Initial examples of the kinds of international and Global governance models that might be explored in the scenarios pending feedback in the first two steps:
- Models similar to IAEA, ITU, and/or WTO with enforcement powers
- TransInstitution (self-selected institutions and individuals from government, business, academia, NGOs, and UN organizations)
- IPCC-like model in concert with international treaties
- International S&T Organization (ISTO) as an online real-time global collective intelligence system; governance by information power (MP/Office of Science, DOE study)

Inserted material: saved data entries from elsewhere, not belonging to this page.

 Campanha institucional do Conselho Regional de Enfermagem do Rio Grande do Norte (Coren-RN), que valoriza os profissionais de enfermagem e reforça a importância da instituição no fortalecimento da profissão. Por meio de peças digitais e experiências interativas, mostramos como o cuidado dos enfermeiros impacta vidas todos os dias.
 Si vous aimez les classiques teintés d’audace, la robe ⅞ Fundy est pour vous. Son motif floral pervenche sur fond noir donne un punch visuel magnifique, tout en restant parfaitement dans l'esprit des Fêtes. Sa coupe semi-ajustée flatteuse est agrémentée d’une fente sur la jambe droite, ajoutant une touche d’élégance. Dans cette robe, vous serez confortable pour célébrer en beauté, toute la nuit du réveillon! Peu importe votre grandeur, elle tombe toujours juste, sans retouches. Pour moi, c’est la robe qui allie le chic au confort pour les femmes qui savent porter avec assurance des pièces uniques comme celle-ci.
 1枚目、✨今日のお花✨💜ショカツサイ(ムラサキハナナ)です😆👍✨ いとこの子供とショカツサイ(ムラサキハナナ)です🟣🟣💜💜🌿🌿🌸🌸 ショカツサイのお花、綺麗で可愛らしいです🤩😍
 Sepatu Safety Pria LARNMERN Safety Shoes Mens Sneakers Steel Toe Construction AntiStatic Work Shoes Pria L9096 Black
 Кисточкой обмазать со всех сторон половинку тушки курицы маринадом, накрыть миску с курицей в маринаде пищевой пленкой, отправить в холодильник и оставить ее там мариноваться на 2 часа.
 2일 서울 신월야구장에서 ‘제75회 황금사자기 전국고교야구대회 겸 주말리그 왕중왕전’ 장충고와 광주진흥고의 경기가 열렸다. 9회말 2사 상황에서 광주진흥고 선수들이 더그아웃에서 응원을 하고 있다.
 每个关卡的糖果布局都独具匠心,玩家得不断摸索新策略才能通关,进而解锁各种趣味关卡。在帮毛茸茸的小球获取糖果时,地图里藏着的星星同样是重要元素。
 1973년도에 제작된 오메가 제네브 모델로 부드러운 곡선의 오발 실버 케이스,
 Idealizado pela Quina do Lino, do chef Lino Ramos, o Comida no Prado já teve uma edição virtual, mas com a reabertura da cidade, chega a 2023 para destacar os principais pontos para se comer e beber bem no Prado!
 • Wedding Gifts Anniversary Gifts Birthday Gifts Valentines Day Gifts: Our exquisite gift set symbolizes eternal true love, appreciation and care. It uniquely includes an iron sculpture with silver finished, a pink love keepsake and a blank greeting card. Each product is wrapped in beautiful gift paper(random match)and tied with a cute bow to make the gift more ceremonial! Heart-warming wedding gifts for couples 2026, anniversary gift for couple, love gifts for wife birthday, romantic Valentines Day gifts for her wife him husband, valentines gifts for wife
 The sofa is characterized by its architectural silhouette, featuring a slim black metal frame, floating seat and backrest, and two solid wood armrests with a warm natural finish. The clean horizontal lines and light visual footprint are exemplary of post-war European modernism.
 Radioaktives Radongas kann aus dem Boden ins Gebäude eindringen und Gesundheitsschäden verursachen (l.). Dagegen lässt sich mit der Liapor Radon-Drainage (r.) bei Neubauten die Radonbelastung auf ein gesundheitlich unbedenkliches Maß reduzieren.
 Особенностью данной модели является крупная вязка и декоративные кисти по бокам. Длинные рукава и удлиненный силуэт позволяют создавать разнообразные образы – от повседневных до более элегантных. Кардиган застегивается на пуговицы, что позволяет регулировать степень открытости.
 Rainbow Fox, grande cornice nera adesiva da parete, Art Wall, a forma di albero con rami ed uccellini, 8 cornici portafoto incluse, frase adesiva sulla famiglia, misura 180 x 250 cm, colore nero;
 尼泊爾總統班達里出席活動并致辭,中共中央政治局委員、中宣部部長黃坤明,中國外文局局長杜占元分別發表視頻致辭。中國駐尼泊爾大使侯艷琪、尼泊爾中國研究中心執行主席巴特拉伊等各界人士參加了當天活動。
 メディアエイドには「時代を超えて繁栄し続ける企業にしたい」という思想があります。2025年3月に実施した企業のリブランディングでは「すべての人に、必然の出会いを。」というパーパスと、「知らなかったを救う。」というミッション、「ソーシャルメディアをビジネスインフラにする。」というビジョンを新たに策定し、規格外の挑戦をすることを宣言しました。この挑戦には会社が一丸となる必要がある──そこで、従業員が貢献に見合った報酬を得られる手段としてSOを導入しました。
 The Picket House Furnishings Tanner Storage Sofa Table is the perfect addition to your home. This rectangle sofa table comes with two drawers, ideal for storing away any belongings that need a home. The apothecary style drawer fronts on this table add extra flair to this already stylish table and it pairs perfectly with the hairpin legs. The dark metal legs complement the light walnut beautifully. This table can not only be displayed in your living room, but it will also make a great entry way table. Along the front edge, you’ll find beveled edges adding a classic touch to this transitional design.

- GGCC (Global Governance Coordinating Committees) flexible but enforced by national sanctions, ad hoc legal rulings in different countries, insurance premiums, acting like a decentralized multi-polar monitoring system
- A complex adaptive system
- ISO standards affecting international purchases
- Put different parts of AGI governance under different bodies like ITU, WTO, WIPO
Initial Steering Committee (others will be invited before final proposal):
- Irakli Beridze, UNICRI Centre for Artificial Intelligence and Robotics, The Hague
- Jerome Glenn, CEO, The Millennium Project
- Ben Goertzel, Chief Scientist, Hansen Robotics; CEO, SingluarityNet
- Cyrus Hodes, Harvard Future Society, AI governance project
- Zhouying Jin, Chinese Academy of Social Science, Beijing Academy of Soft Technology
- Karl Schroeder, Science Fiction Author; Research Fellow, Human Futures Studio
- Jim Spohrer, IBM Cognitive Opentech Group, IBM
- Paul Werbos, former President of International Neural Network Society
Regional Coordinators:
- Africa: Jelel Ezzine, Tunisia Node Chair
- Asia: Zhouying Jin, China Node Chair
- Europe: Paul Epping, Co-chair the Netherlands and Dubai Node
- Latin America: Jose Cordeiro, President, RIBER
- North America: Brock Hinzmann, Silicon Valley Node Chair
Initial Participating Institutions
- Artificial General Intelligence Society
- Chinese Academy of Social Science, Beijing Academy of Soft Technology
- Decentralized AI Alliance
- Harvard Future Society
- SingularityNet
- UNICRI Centre for Artificial Intelligence and Robotics
- World Academy of Art and Science
The Millennium Project with it 67 Nodes around the world proposes to stress transinstitutional, transnational, transdisciplinary, and intercultural approaches, focusing on potential international governance frameworks for the transition from ANI to AGI. We will build on other’s work on values, principals, issues analysis, and with input from international Real-Time Delhi studies will produce several global scenarios. These will be detailed alternative scenarios – internationally reviewed stories that connect possible future conditions with the present via plausible cause and effect links illustrating potential decisions and consequences
[i] Gordon, J. “Real-Time Delphi”. Ed. Glenn, J and Gordon, T, Futures Research Methodology 3.0. The Millennium project 2009.